Mammographically, IMPC can present as a mass with or without microcalcifications, microcalcifications only, a focal asymmetry, an asymmetry, an architectural distortion, or be mammographically occult [4,5]. Additional mammographic features include irregular shape, spiculated margins, and high density [4,5]. Sonographically, IMPC can be seen as a mass, an architectural distortion, or be sonographically occult [4]. On MRI, IMPC has presented as an enhancing mass with irregular shape and spiculated or irregular margins and possible associated nonmass enhancement [4,5].
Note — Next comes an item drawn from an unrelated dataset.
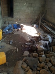 A residência de Simeão Mucavele, que ficou sem dois membros de acordo com testemunhas oculares, continua intacta. O que contrasta com os corpos de Cossa e o indivíduo ainda por identificar sem vida no chão da varanda da casa de bloco cru que a falta de dinheiro não deixou concluir.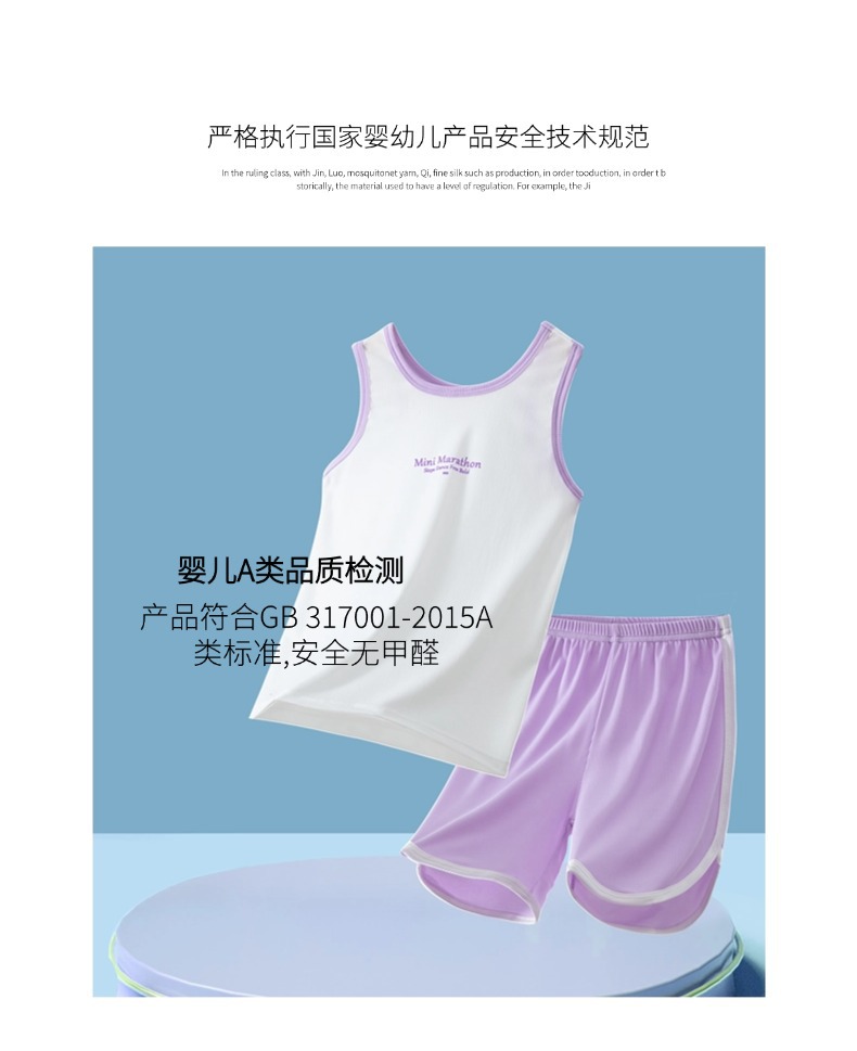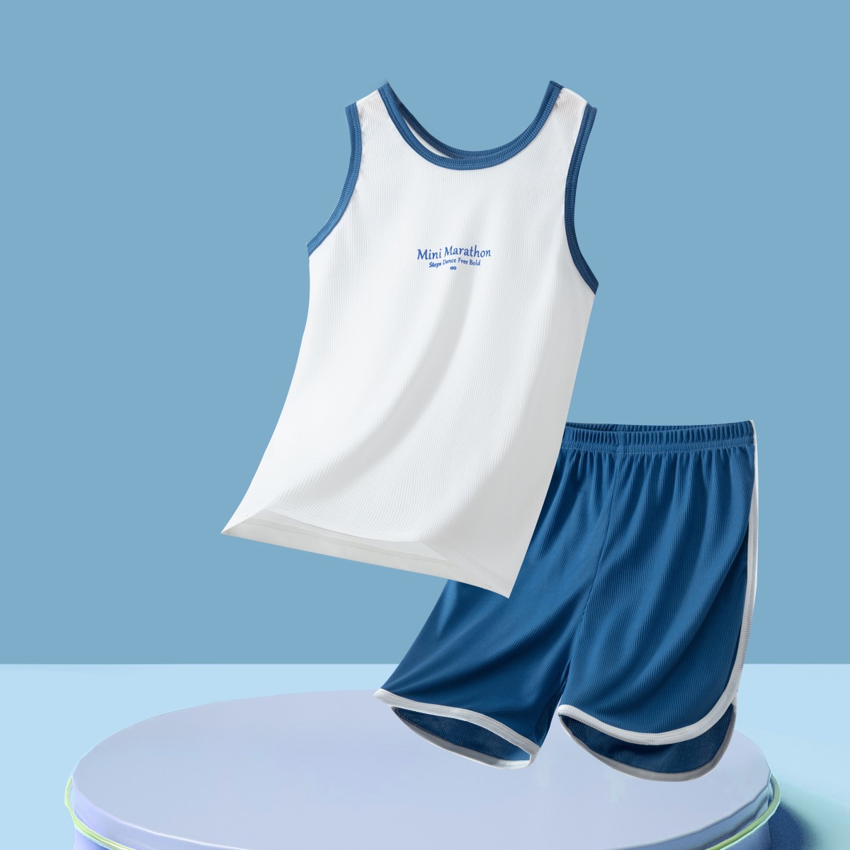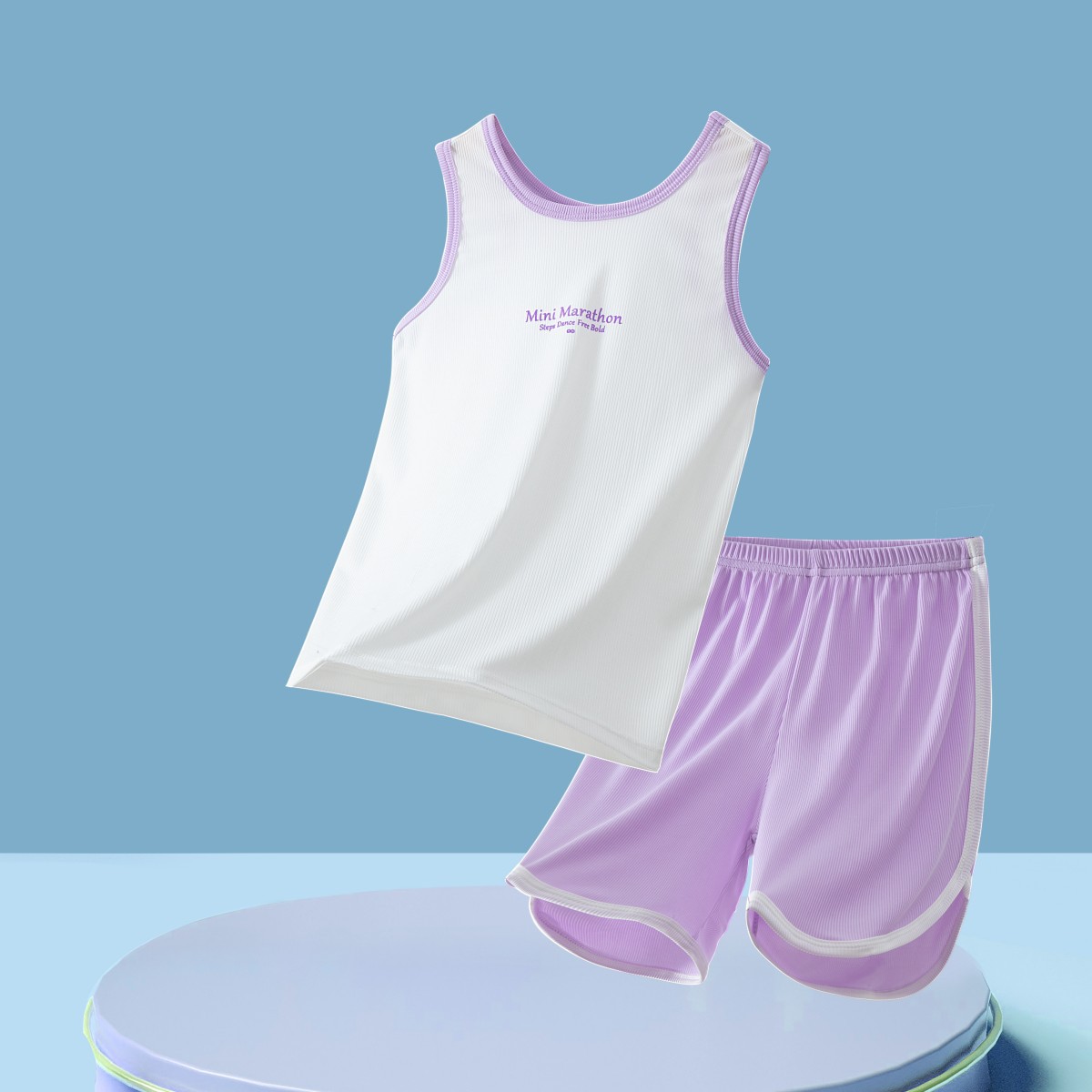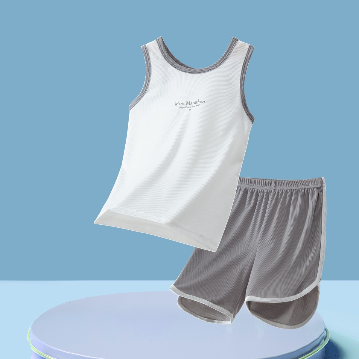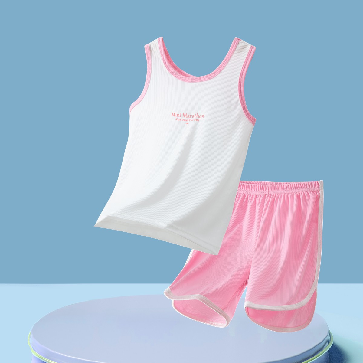 어린이 아이스 실크 조끼 세트 여름 새로운 컬러 블록 인쇄 조끼 세트 남학생과 여자를위한 민소매 통기성 홈 옷

Suspicious regional lymphadenopathy has been noted with IMPC including axillary, internal mammary, and supraclavicular disease with lymph node metastases, ranging from 62%–90.5 % of cases [4,8,9]. Given the propensity of nodal involvement, careful evaluation of the regional nodal basins at ultrasound will aid in the assessment of nodal involvement [4]. Small micropapillary carcinomas have been shown to have the same proclivity for lymphatic spread and nodal dissemination as larger micropapillary carcinomas despite their small size. Invasive micropapillary carcinomas less than 5 mm can have lymph node metastasis at a rate of 75% [10].
Conclusion
This case report highlights a unique presentation of invasive micropapillary carcinoma as a large mass with associated fluid collection and no regional lymph node involvement. One important clinical pearl to learn from this case is how to approach a breast with an extensive fluid collection that may limit accurate assessment of a mass. In this case, the radiologist recommended a drain placement after which the patient was instructed to return to breast ultrasound for reassessment of the breast. In this patient, the drain insertion was therapeutic to the patient relieving severe breast discomfort and was diagnostic in that it demonstrated malignant fluid. Additionally, the removal of fluid allowed the underlying mass to be better characterized and allowed for improved access to the mass to perform imaging-guided percutaneous biopsy and subsequent surgery.
Patient Consent Statement
The authors have written confirmation of informed consent from the patient for publication.
Footnotes
Competing interests: Dr. Moseley is a paid medical consultant for Hologic, Inc. and Merit Medical, Inc. Otherwise, the authors have no additional disclosures.